> [WHAT THE TASK ASKS] Give the data again in full, without pictures.
○ ○ ○ ○
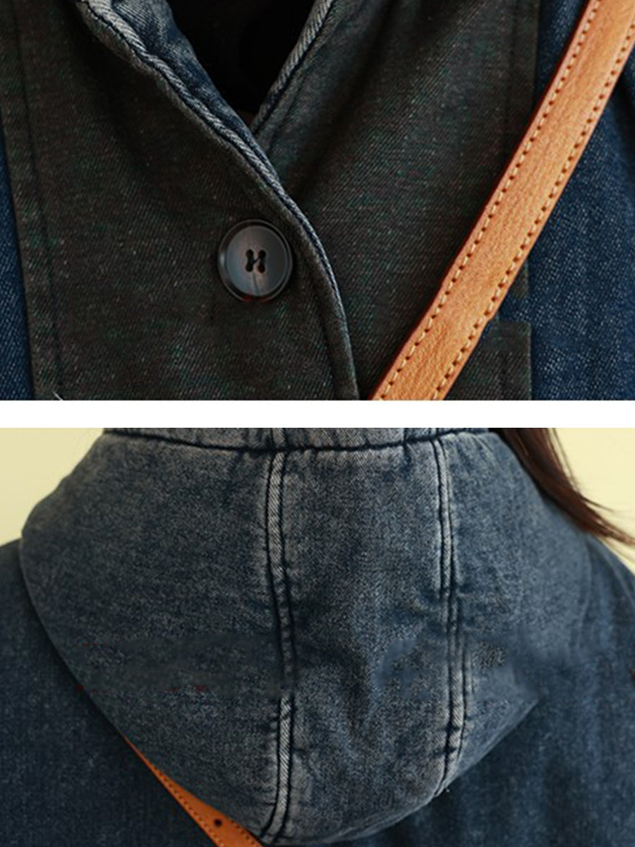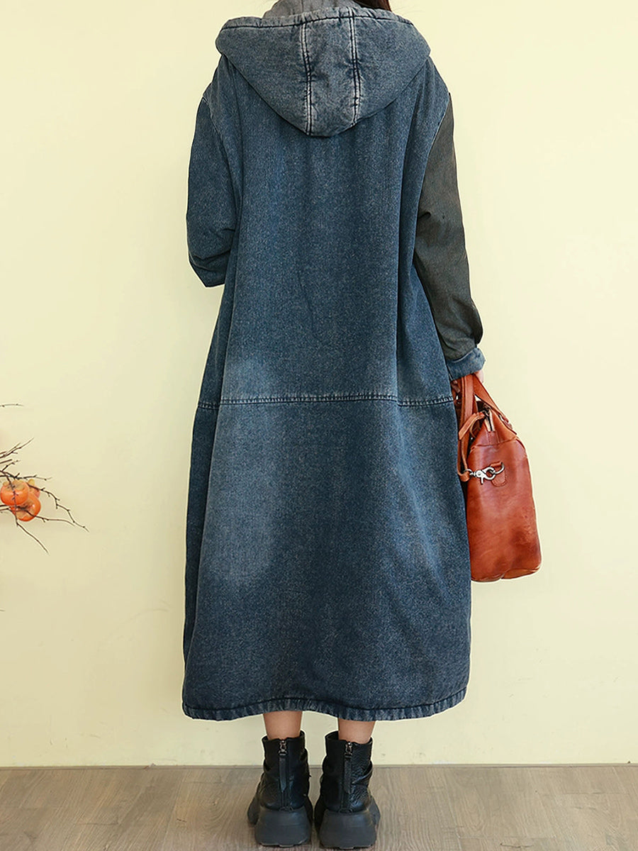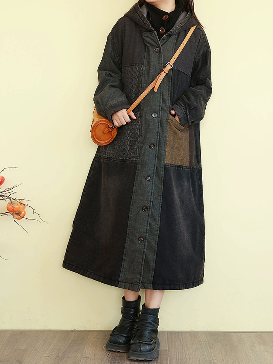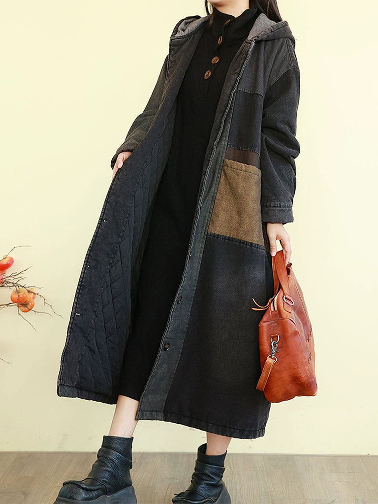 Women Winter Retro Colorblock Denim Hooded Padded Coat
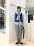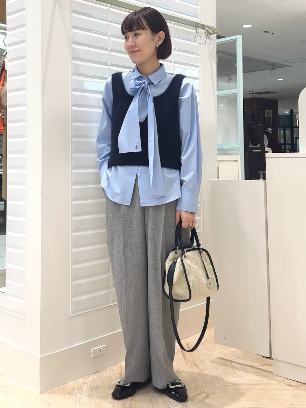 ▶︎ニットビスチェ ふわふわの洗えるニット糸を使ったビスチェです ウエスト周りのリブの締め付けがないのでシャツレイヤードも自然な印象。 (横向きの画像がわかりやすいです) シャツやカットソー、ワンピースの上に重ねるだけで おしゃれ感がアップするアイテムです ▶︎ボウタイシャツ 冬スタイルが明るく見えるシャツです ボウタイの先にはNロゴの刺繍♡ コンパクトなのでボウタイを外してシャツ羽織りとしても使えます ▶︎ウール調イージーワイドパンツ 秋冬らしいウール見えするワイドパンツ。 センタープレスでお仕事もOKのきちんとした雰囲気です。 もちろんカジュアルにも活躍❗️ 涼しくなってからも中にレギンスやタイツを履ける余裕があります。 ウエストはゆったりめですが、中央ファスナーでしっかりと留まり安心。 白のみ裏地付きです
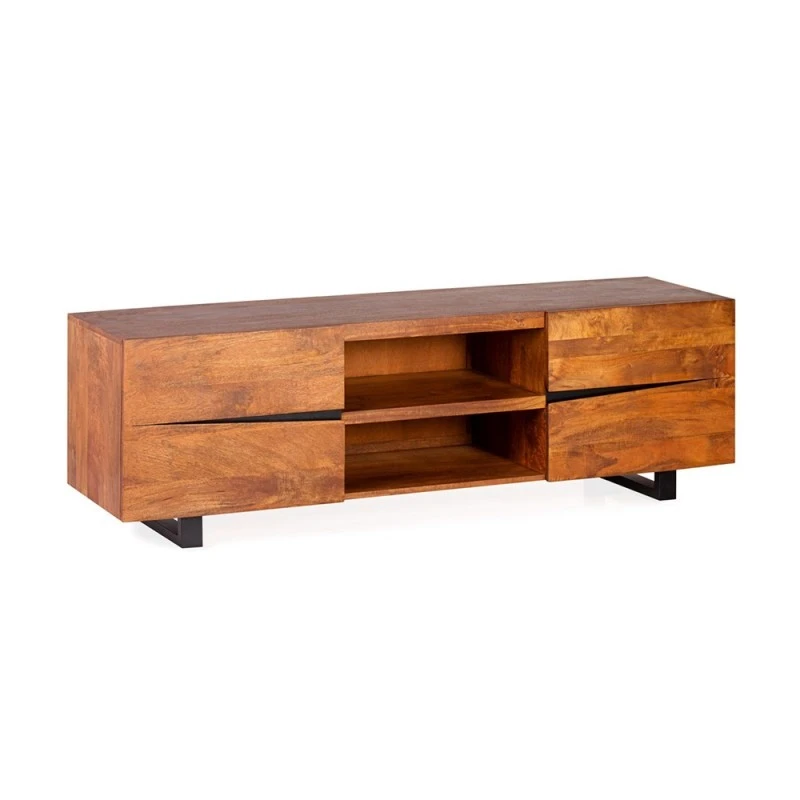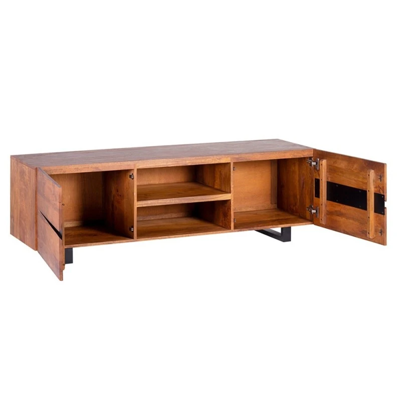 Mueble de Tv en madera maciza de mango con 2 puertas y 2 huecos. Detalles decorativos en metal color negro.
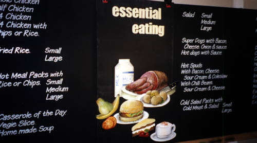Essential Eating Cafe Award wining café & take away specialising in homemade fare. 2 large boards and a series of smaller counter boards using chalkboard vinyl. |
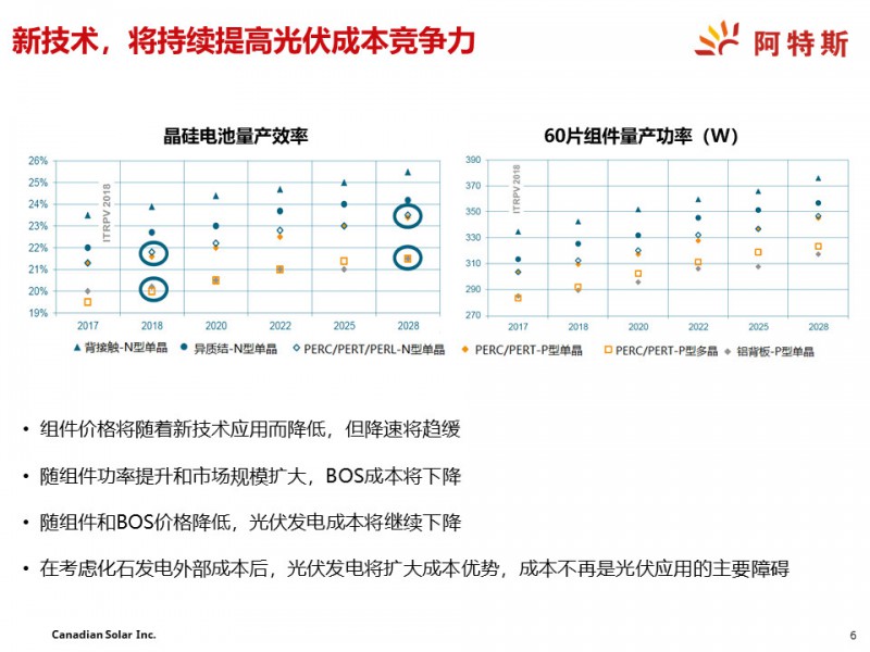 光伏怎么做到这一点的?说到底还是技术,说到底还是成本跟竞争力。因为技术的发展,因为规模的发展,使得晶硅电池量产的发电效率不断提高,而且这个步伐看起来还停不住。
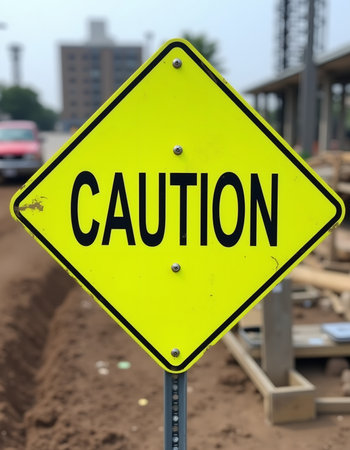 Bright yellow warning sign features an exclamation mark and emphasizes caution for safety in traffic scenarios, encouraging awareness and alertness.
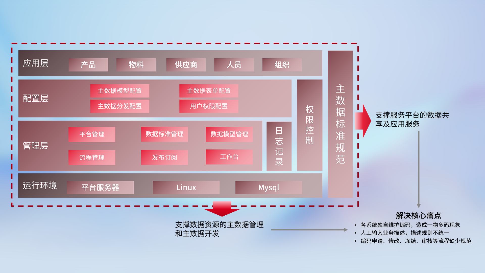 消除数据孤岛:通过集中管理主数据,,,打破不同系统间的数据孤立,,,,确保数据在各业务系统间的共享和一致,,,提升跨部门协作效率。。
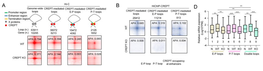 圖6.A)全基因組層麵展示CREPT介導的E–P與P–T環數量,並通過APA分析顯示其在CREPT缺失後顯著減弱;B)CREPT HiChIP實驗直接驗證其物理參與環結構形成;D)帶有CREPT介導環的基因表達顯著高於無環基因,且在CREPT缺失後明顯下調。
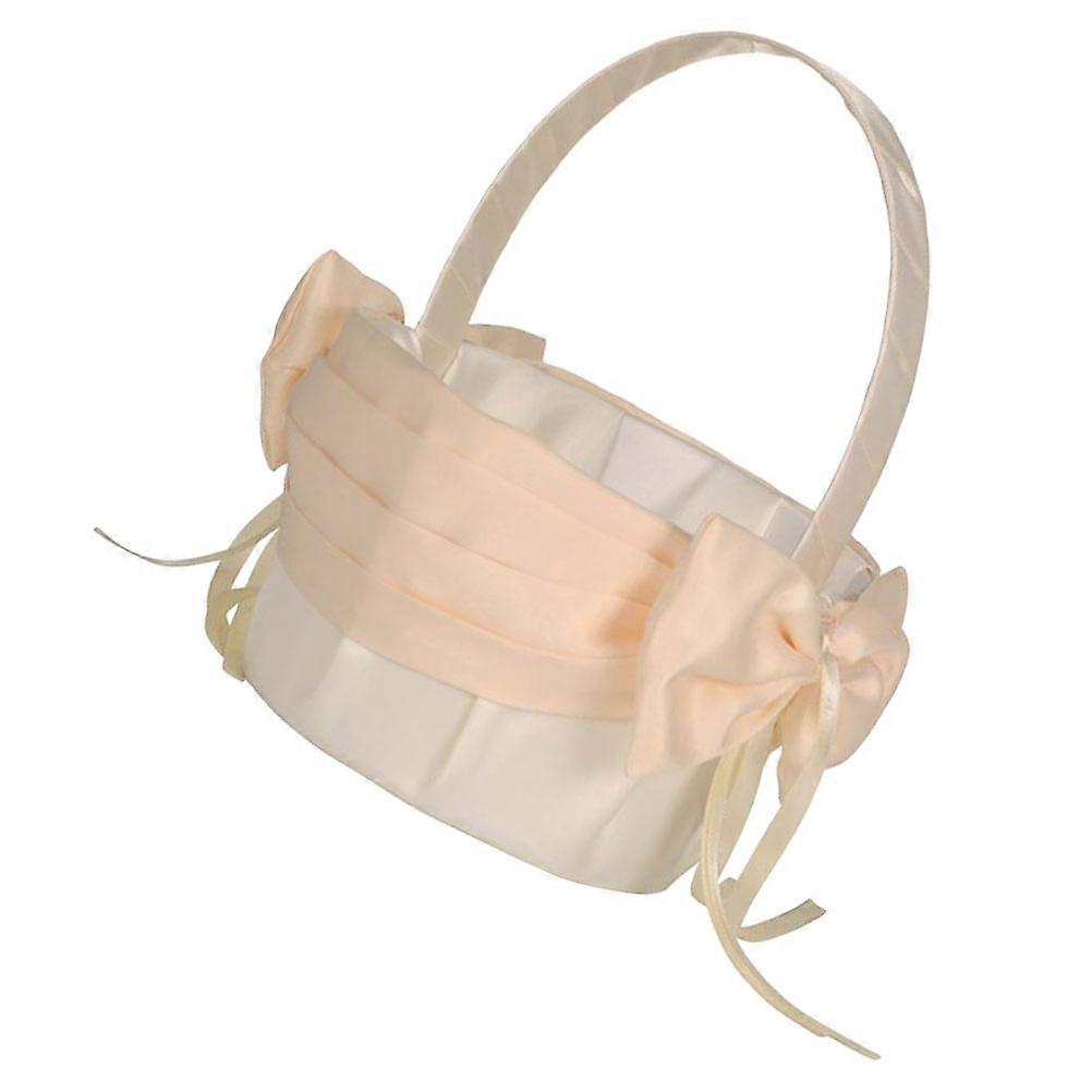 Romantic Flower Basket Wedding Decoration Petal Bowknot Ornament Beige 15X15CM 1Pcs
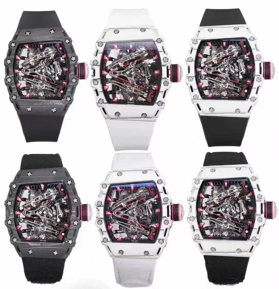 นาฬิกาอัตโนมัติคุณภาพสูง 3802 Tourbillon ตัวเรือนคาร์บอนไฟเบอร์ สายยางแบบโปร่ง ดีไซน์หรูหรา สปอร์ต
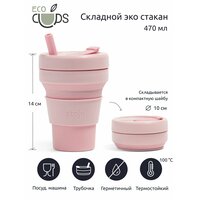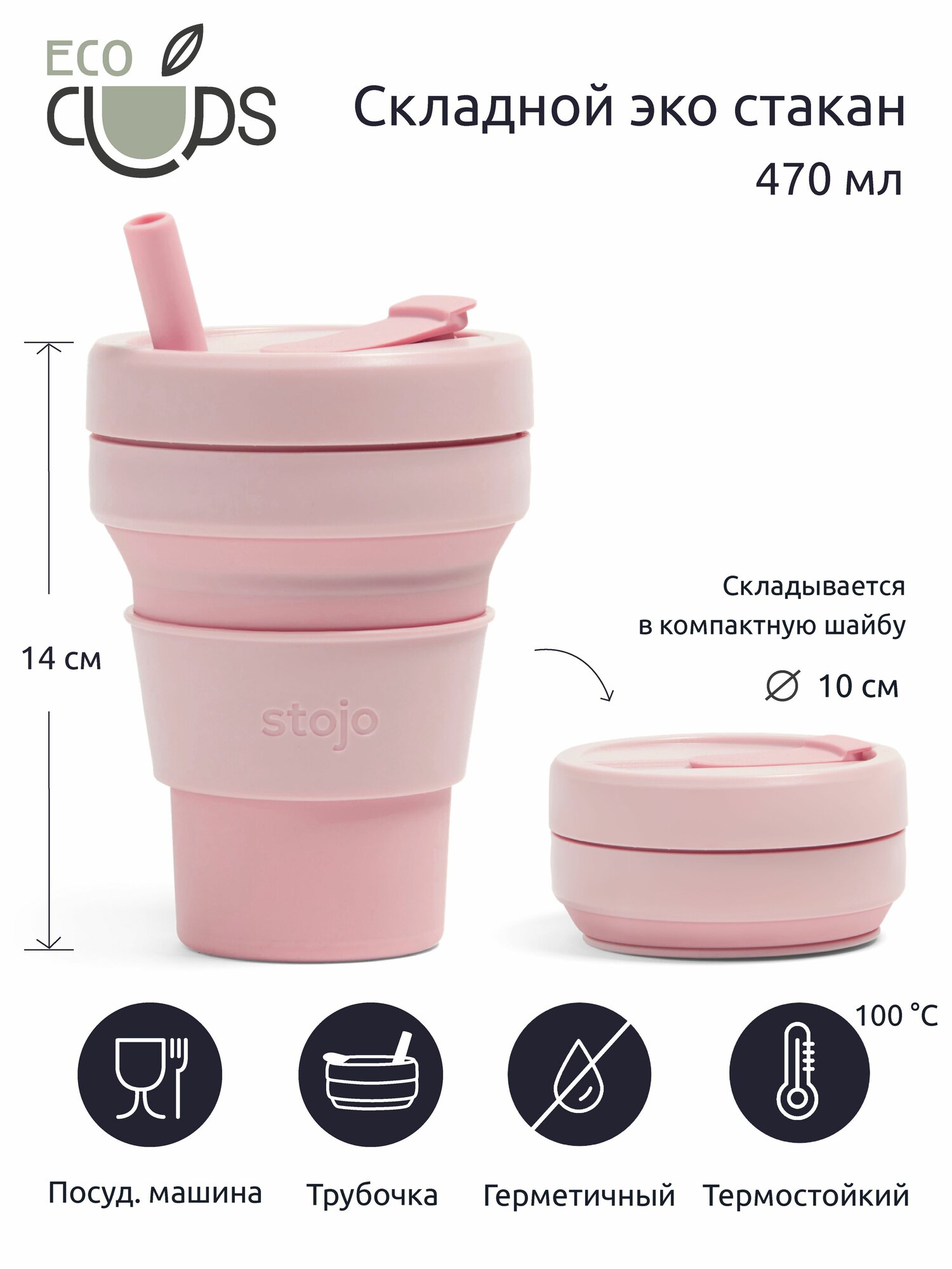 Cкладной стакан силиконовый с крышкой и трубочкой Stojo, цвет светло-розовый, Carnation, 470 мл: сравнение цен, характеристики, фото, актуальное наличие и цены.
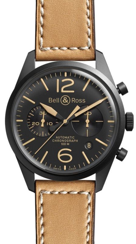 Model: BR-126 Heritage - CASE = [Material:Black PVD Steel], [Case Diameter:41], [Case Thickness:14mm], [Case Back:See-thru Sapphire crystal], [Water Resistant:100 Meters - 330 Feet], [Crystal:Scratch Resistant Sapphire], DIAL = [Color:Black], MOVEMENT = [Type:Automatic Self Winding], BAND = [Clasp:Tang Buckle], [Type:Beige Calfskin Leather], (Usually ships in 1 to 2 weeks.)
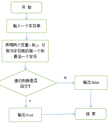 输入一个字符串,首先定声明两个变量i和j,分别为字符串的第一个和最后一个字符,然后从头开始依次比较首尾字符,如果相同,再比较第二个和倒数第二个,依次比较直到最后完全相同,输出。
○ ○ ○ ○
> [RESPONSE]
 Women Winter Retro Colorblock Denim Hooded Padded Coat
 ▶︎ニットビスチェ ふわふわの洗えるニット糸を使ったビスチェです ウエスト周りのリブの締め付けがないのでシャツレイヤードも自然な印象。 (横向きの画像がわかりやすいです) シャツやカットソー、ワンピースの上に重ねるだけで おしゃれ感がアップするアイテムです ▶︎ボウタイシャツ 冬スタイルが明るく見えるシャツです ボウタイの先にはNロゴの刺繍♡ コンパクトなのでボウタイを外してシャツ羽織りとしても使えます ▶︎ウール調イージーワイドパンツ 秋冬らしいウール見えするワイドパンツ。 センタープレスでお仕事もOKのきちんとした雰囲気です。 もちろんカジュアルにも活躍❗️ 涼しくなってからも中にレギンスやタイツを履ける余裕があります。 ウエストはゆったりめですが、中央ファスナーでしっかりと留まり安心。 白のみ裏地付きです
 Mueble de Tv en madera maciza de mango con 2 puertas y 2 huecos. Detalles decorativos en metal color negro.
Essential Eating Cafe Award wining café & take away specialising in homemade fare. 2 large boards and a series of smaller counter boards using chalkboard vinyl. |
 光伏怎么做到这一点的?说到底还是技术,说到底还是成本跟竞争力。因为技术的发展,因为规模的发展,使得晶硅电池量产的发电效率不断提高,而且这个步伐看起来还停不住。
 Bright yellow warning sign features an exclamation mark and emphasizes caution for safety in traffic scenarios, encouraging awareness and alertness.
 消除数据孤岛:通过集中管理主数据,,,打破不同系统间的数据孤立,,,,确保数据在各业务系统间的共享和一致,,,提升跨部门协作效率。。
 圖6.A)全基因組層麵展示CREPT介導的E–P與P–T環數量,並通過APA分析顯示其在CREPT缺失後顯著減弱;B)CREPT HiChIP實驗直接驗證其物理參與環結構形成;D)帶有CREPT介導環的基因表達顯著高於無環基因,且在CREPT缺失後明顯下調。
 Romantic Flower Basket Wedding Decoration Petal Bowknot Ornament Beige 15X15CM 1Pcs
 นาฬิกาอัตโนมัติคุณภาพสูง 3802 Tourbillon ตัวเรือนคาร์บอนไฟเบอร์ สายยางแบบโปร่ง ดีไซน์หรูหรา สปอร์ต
 Cкладной стакан силиконовый с крышкой и трубочкой Stojo, цвет светло-розовый, Carnation, 470 мл: сравнение цен, характеристики, фото, актуальное наличие и цены.
 Model: BR-126 Heritage - CASE = [Material:Black PVD Steel], [Case Diameter:41], [Case Thickness:14mm], [Case Back:See-thru Sapphire crystal], [Water Resistant:100 Meters - 330 Feet], [Crystal:Scratch Resistant Sapphire], DIAL = [Color:Black], MOVEMENT = [Type:Automatic Self Winding], BAND = [Clasp:Tang Buckle], [Type:Beige Calfskin Leather], (Usually ships in 1 to 2 weeks.)
 输入一个字符串,首先定声明两个变量i和j,分别为字符串的第一个和最后一个字符,然后从头开始依次比较首尾字符,如果相同,再比较第二个和倒数第二个,依次比较直到最后完全相同,输出。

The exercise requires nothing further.